Sehr häufige Symptome von Frigidität sind Manifestationen von Vaginismus. Einige Experten betrachten Vaginismus und weibliche Impotenz als Synonym für Begriffe. Was ist Vaginismus? Die Krankheit manifestiert sich in konvulsiven unwillkürlichen Kontraktionen der Vaginalmuskulatur und des Beckenbodens. Diese Verringerung der Frauen führt zu starken Schmerzen beim Sex. Manchmal sind sexuelle Beziehungen in diesem Fall völlig unmöglich. Fast immer mit Vaginismus wird bei Paaren aufgrund schwerer Krämpfe Unfruchtbarkeit beobachtet.

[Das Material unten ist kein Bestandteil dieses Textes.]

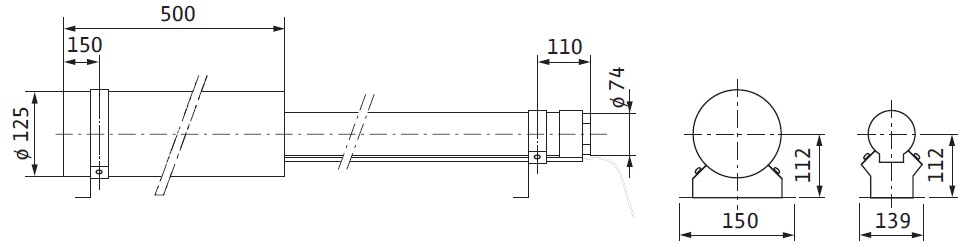 габаритне креслення. D -Горизонтальний з охолоджуючим кожухом  |

Es ist erwähnenswert, dass eine Frau mit Vaginismus in der Regel sexuelles Verlangen und Verlangen erlebt. Aber es ist nicht in der Lage, Vergnügen zu erleben. Dies wirkt sich stark auf das Selbstwertgefühl nicht nur der Frau selbst, sondern auch des Mannes aus. Andere Beziehungsprobleme beginnen. Daher ist es für eine Frau sehr wichtig, das Problem nicht zu verbergen, sondern rechtzeitig einen Arzt zu konsultieren. Schmerzen können mit nur wenig Aufwand leicht behandelt werden.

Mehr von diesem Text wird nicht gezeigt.